Venezuela : Marco Rubio au cœur du remodelage de l’« hémisphère occidental »

Le secrétaire d’Etat s’est converti sans état d’âme à la mouvance MAGA et aux aspirations du président Trump. L’hispanophone est le grand promoteur de l’attaque américaine et l’interlocuteur des nouvelles autorités vénézuéliennes.

Le Monde   – Depuis trois jours, Marco Rubio, le secrétaire d’Etat américain, est sur tous les écrans. Le vice-président, J. D. Vance, invisible, se retrouve cantonné à des messages sur les réseaux sociaux. La rivalité officiellement amicale entre les deux hommes qui pourraient prétendre à la succession politique du mouvement MAGA (Make America Great Again) vient de connaître une étape majeure, avec l’opération militaire menée au Venezuela, dans la nuit du 2 au 3 janvier. Quelques heures plus tard, Marco Rubio se tenait aux côtés de Donald Trump pour commenter l’enlèvement du président Nicolas Maduro. Discipliné, prudent dans ses formulations, il participait le lendemain aux grandes émissions politiques du dimanche, à la télévision.

« Ceci n’est pas une invasion, disait-il sur ABC. Nous n’avons pas occupé un pays. » Sur CBS, il rejetait les comparaisons historiques avec les changements de régime américains au Moyen-Orient. « L’appareil entier de la politique étrangère pense que tout est Libye, tout est Irak, tout est Afghanistan. Ce n’est pas le Moyen-Orient ici, et notre mission est différente. C’est l’hémisphère occidental. » Comprendre l’arrière-cour historique des Etats-Unis, où ces derniers exploitent ce qu’ils veulent et arrachent les mauvaises herbes.

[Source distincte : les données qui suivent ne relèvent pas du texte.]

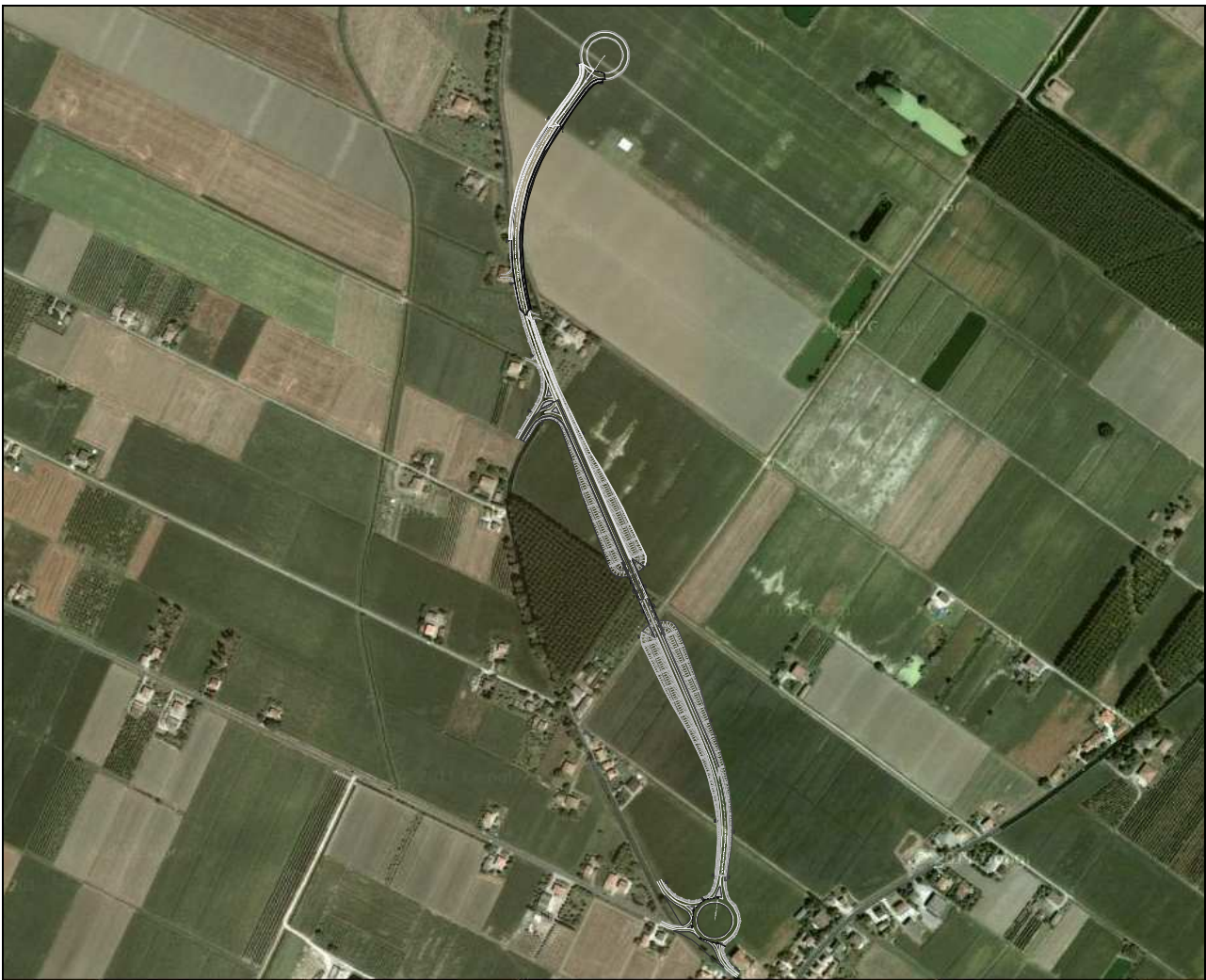
Figura 3.1 – Immagine area con sovrapposta l'opera

Nella Figura seguente si è riportata la foto aerea dell'area su cui è inserita l'opera.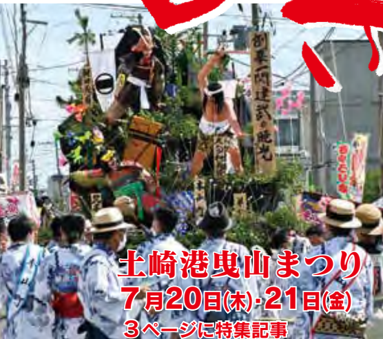
土崎港夷山まつり 7月20日(木)・21日(金) 3ページに特集記事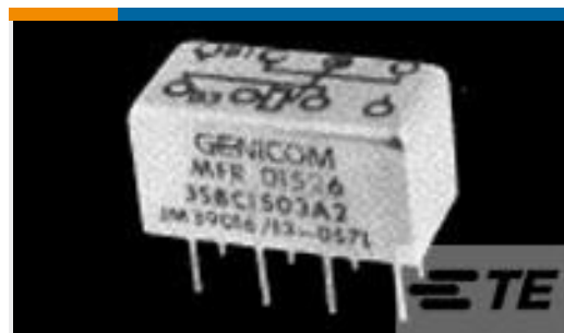
TE 系列/零件编号2-1617072-2 3SBC1503A2 = M39016/13-057L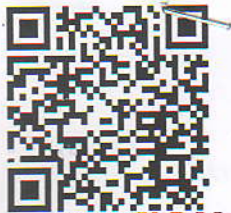
ГРАФИК ПЛАТЕЖЕЙ* к договору (контракту) от 13.01.2022 г. № 66

между УзР Миллий гвардияси Қорақалпоғистон Республикаси Қуриқлаш бошқармаси и У.Халмуратов номидаги Республика қуп тармоқли тиббиёт маркази на общую сумму 14228766,00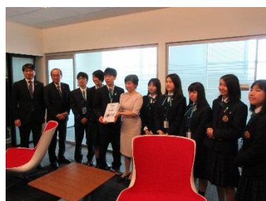
Oberschüler*innen, die an der Unterschriftenaktion teilgenommen haben, überreichen diese an Vertreter*innen der Vereinten Nationen (April 2019 in New York)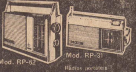
Mod. RP-62 Mod. RP-31 Rádios portáteis com 2,3 e 6 faixas de onda, inclusive com frequência Modulada. Modelos compactos e em cores atraentes. Funciona com pilhas comuns. Alcance mundial. Auto falantes especiais.

■ Enfrentar o Fluminense no Rio não é novidade para o time do Parque Antártica, habituado às grandes decisões. Os jogadores temem apenas que a arbitragem complique o seu esforço. A CBD já suspendeu um dos bandeiras que estava escalado. Dino vai manter Mário no comando do ataque e Eurico volta para a lateral direita.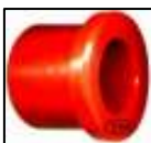
BUCHA P/ MOLA TRAS. PARTE DIANT. E TRAS.(METADE) ENB-28033MW = COD. 970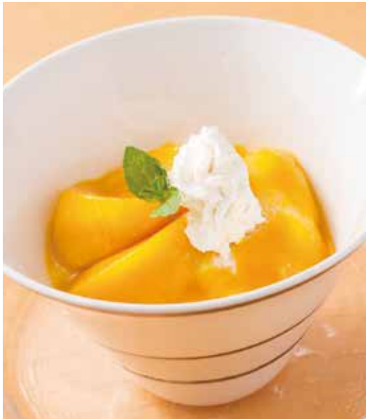
1. 香粧布丁 ..... 1,100 (税込 1,210) Mango pudding マンゴープリン マンゴーの果肉を使い、フルーティーな香りととろける食感が人気です。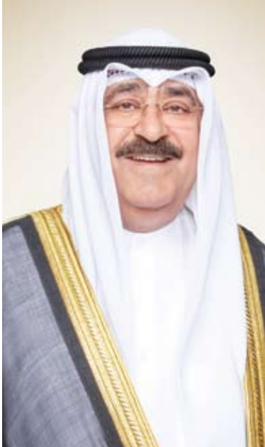
سمو ولي العهد الشيخ مشعل الأحمد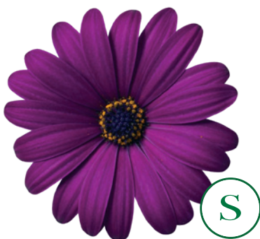
035522 MASERU PURPLE

A écouter Marco Rubio, l’opération serait taillée sur mesure. L’« arrestation » de Nicolas Maduro ? Justifiée par son inculpation judiciaire pour narcotrafic. La mise sous « quarantaine » maritime du Venezuela pour empêcher la circulation des tankers pétroliers ? Permise par les sanctions américaines. La suite ? C’est le brouillard. Mais il ne semble pas déranger le secrétaire d’Etat à ce stade.

Pièce essentielle du dispositif présidentiel

Longtemps promoteur de Juan Guaido, considéré comme le véritable vainqueur contre Nicolas Maduro en 2019, Marco Rubio est chargé du casting vénézuélien et de l’inféodation à distance du pays, par la seule force de la dissuasion et de l’étranglement maritime. Les Etats-Unis ne disposent pas de troupes américaines au sol. Muer ou tomber : tel est le choix laissé au reste du régime, dans un pays désormais dirigé par intérim par l’ex vice-présidente, Delcy Rodriguez. Le message vaut aussi pour les pays de la région, à commencer par la Colombie, le Mexique et Cuba.

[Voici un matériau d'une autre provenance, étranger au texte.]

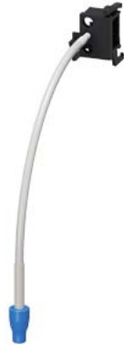
Drahtauslöser für RESET 0,4 m für 3RU2 Baugröße S00...S3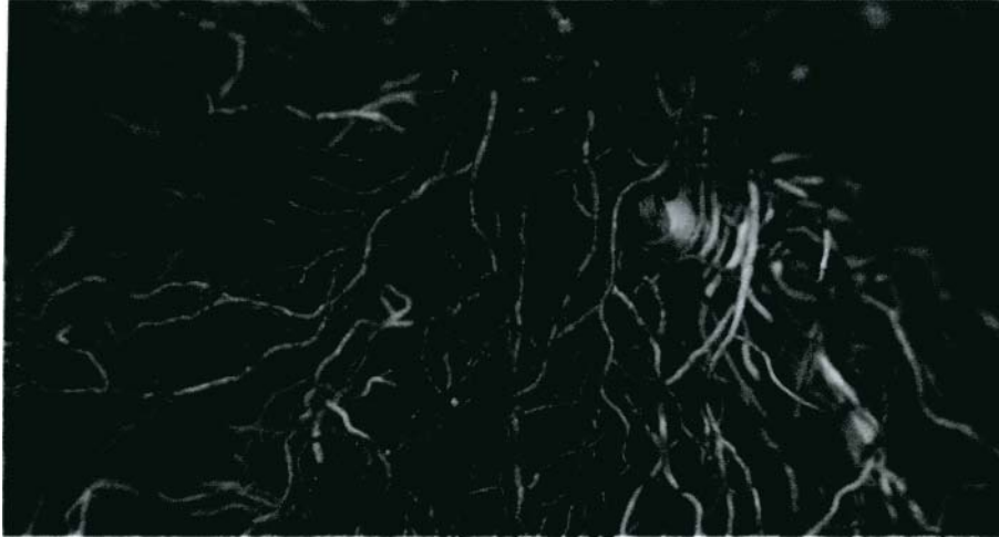
Caulophyllum Wurzeln, schlangenartig ineinander verschlungen

Die Anwendung bei Uterusträgheit und Wehenschwäche war bekannt. Auch die Eigenschaften drohenden Abort zu verhindern, Besserung bei Hysterie, Amenorrhoe, Dysmenorrhoe und Subinvolution des Uterus zu bringen, waren damals bekannt. Bei absichtlicher Überdosis wird auch die Möglichkeit erwähnt, eine Abtreibung vorzunehmen. Bei King (King' s American Dispensatory 1898) wird auch eine Anwendung bei aphthöser Stomatitis erwähnt.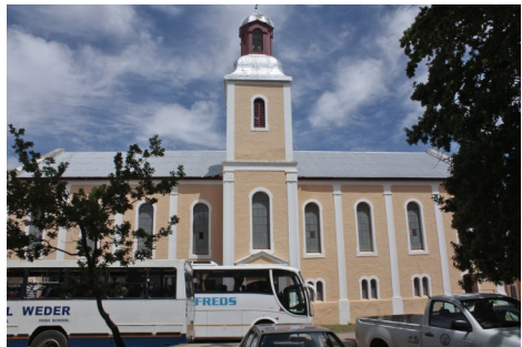
Kirken i Gnadenthal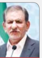
معاون اول رئیس‌جمهوری با بیان اینکه دشمن نتوانست صادرات نفت ایران را صفر کند، گفت: همچنان در حال فروش نفت هستیم. اسحاق جهانگیری گفت: هر فردی که امروز برای کشور صادرات انجام می‌دهد، انسان شریفی است که خوب تشخیص داده که در این مقطع، نیاز کشور کجاست و باید به چه کاری بپردازد و بهتر بود که این تحلیل، در روز ملی صادرات که در تقویم رسمی کشور ثبت شده، انجام می‌شد اما اصل پرداخت به صادرات جزو مهم‌ترین مسائلی است که باید مورد توجه قرار گیرد. وی تأکید کرد: در معیشت مردم باید کار جدی‌تر کنیم، چرا که ملت ایران به‌ویژه طبقات ضعیف با صبر و تحمل فشارها و سختی‌ها، این روزها را پشت‌سر گذاشتند و حاضر نشدند کمترین حرکتی که نشان دهد کشور و نظام آنها در خطر است، از خود نشان دهند و مردم با سبیلی صورت خود را سرخ نگاه داشته‌اند و باید تلاش کرد و برای این بخش هم راهکار ارائه داد.

انتخابات پیش رو است و باید شرایطی را به وجود آورد که همه مردم احساس کنند که در بین کاندیداها، کاندیدای مورد نظرشان وجود دارد؛ پس مشارکت در انتخابات آتی، منافع ملی کشور را تثبیت خواهد کرد. امیدواریم همه این مسیر را طی کنیم. امریکایی‌ها به مرحله‌ای رسیده‌اند که بانک مرکزی ایران را به دلیل مسائل هسته‌ای، تحریم کردند و در کنار آن، دوباره این بانک را تحت لوای مبارزه با تروریسم، تحت تحریم قرار دادند. بر این اساس مقامات ارشد کشور از رهبر معظم انقلاب تا وزیر امور خارجه گرفته تا شرکت‌ها را هم در فهرست تحریم قرار داده‌اند و تمام زمینه‌های اقتصادی را تحریم کردند. جهانگیری گفت: دشمن نتوانسته صادرات نفت خام کشور را به صفر برساند؛ اما تحت فشاری که وارد شد، حتی کشورهای دوست ایران هم که تا به حال جزو نزدیک‌ترین کشورهای باره ما هستند، جرأت اینکه نفت ایران را خریداری کنند، ندارند و ماهه روش‌های دیگری متوسل می‌شویم تا بتوانیم نفت کشور را بفروشیم.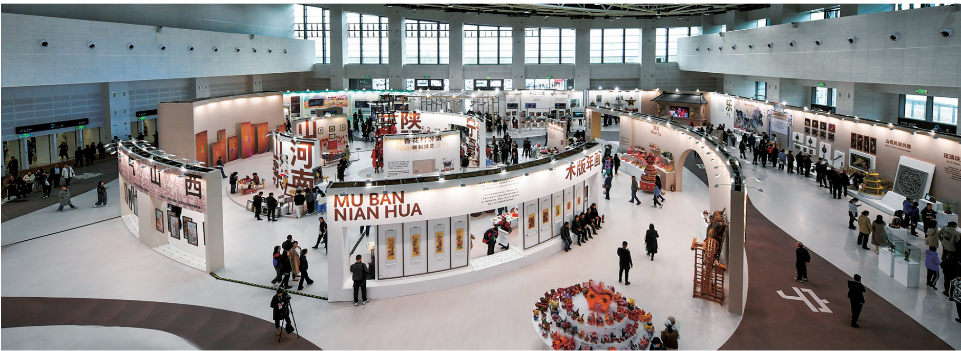
黄河非遗大展展厅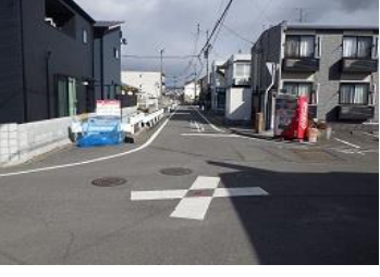
R3【NO. 104】 済

(状況) 道幅が違う変則的な四差路で、見通しが悪いです。 (対策) 交差点マークを設置し、外側線を引き直しました。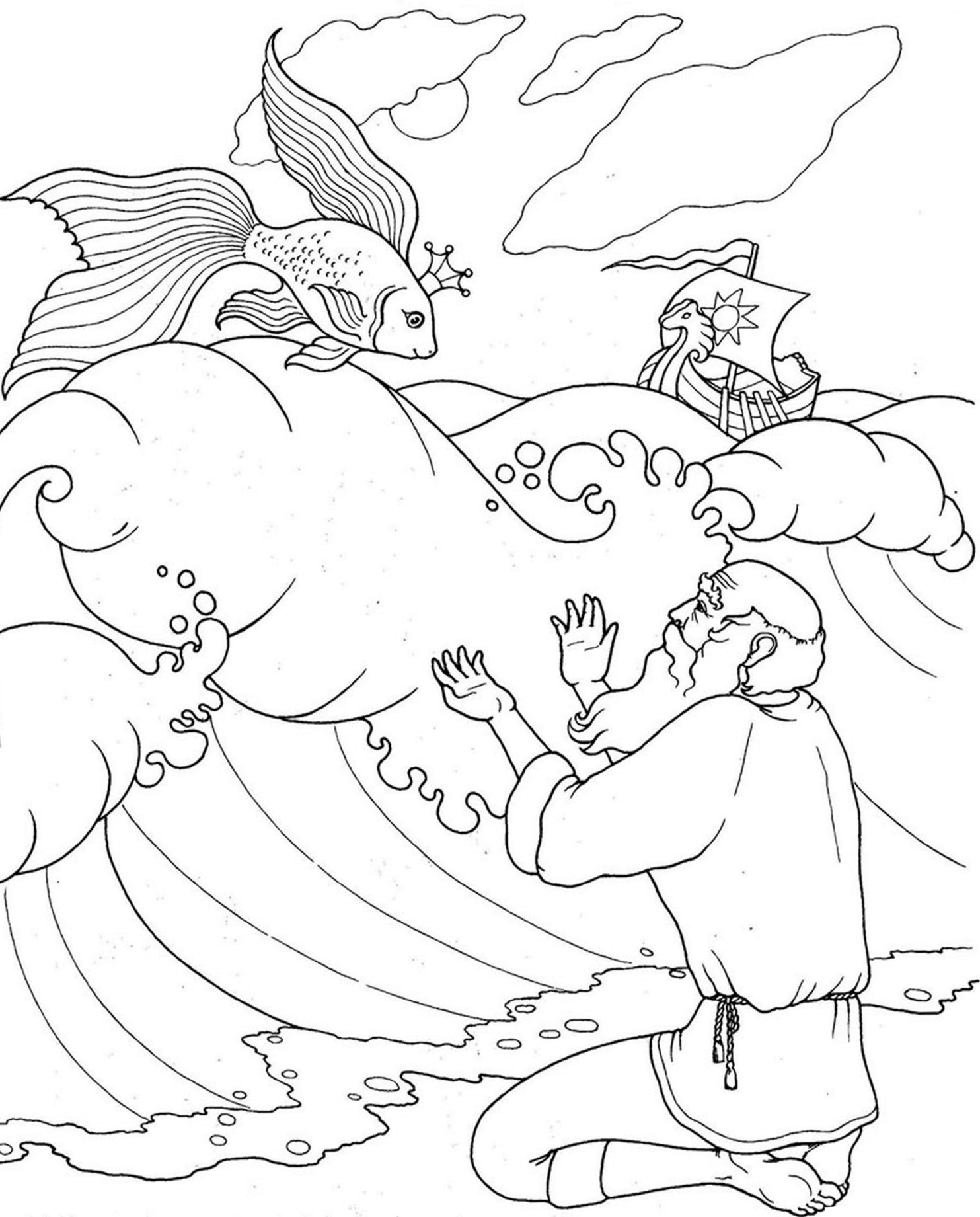
«Сказка о рыбаке и рыбке»

Alors que, lors de sa désignation comme secrétaire d’Etat, de nombreux commentateurs ont anticipé un divorce rapide et fracassant avec Donald Trump, l’homme est au contraire devenu une pièce essentielle du dispositif présidentiel : professionnel, hermétique, n’alimentant pas de fuites sur des dissensions internes. Il en a été récompensé en cumulant son poste et celui de conseiller à la sécurité nationale, après le départ de Mike Waltz, puis celui de directeur des Archives nationales.

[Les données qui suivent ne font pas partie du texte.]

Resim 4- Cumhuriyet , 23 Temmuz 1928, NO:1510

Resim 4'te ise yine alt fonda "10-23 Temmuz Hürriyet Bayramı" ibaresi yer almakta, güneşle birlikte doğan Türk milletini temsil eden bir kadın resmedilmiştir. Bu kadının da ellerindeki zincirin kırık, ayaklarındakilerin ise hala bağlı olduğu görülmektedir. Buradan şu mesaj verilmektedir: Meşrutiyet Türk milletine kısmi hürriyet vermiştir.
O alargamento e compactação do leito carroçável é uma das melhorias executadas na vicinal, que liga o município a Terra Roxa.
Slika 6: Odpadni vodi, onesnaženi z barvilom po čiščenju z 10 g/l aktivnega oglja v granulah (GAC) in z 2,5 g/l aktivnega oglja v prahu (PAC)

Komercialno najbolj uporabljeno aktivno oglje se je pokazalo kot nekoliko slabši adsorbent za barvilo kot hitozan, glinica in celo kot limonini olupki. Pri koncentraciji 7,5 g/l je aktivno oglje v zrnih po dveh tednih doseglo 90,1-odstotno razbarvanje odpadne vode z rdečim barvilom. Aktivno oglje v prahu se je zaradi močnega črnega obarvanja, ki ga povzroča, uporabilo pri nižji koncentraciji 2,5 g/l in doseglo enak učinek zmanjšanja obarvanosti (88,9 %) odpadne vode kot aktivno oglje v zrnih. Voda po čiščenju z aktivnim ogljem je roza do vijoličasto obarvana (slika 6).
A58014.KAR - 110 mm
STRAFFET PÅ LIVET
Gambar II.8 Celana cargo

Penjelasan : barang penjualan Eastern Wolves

Une autre erreur fut de souligner son incompatibilité avec les fondamentaux du mouvement MAGA. Lui, l’ancien sénateur faucon aux accents néoconservateurs, vantant volontiers l’exceptionnalisme américain et son exportation, se retrouvait promu par un président, Donald Trump, dont l’une des constantes a été le rejet des aventures militaires extérieures prolongées. La guerre en Irak était considérée comme un repoussoir absolu : mauvaises raisons, mauvais calibrage, conséquences catastrophiques. Marco Rubio, lui, avait soutenu l’invasion de ce pays.

Fils de réfugiés cubains

En 2015, alors candidat aux primaires républicaines, celui que Donald Trump surnommait avec mépris « Little Marco » prenait la parole devant le cercle de réflexion Council on Foreign Relations. « Nous devons reconnaître le fait que notre nation est un leader mondial, non seulement parce qu’elle a des armes supérieures, mais aussi parce qu’elle a des visées supérieures. L’Amérique est la première puissance dans l’histoire motivée par le désir d’étendre la liberté, plutôt que de seulement étendre son territoire. » En dix ans, le reflux américain est violent, et la conversion de l’orateur spectaculaire. Mais une constante intime et idéologique anime Marco Rubio, fils de réfugiés cubains, arrivés à Miami (Floride) dans les années 1950 : son anticommunisme.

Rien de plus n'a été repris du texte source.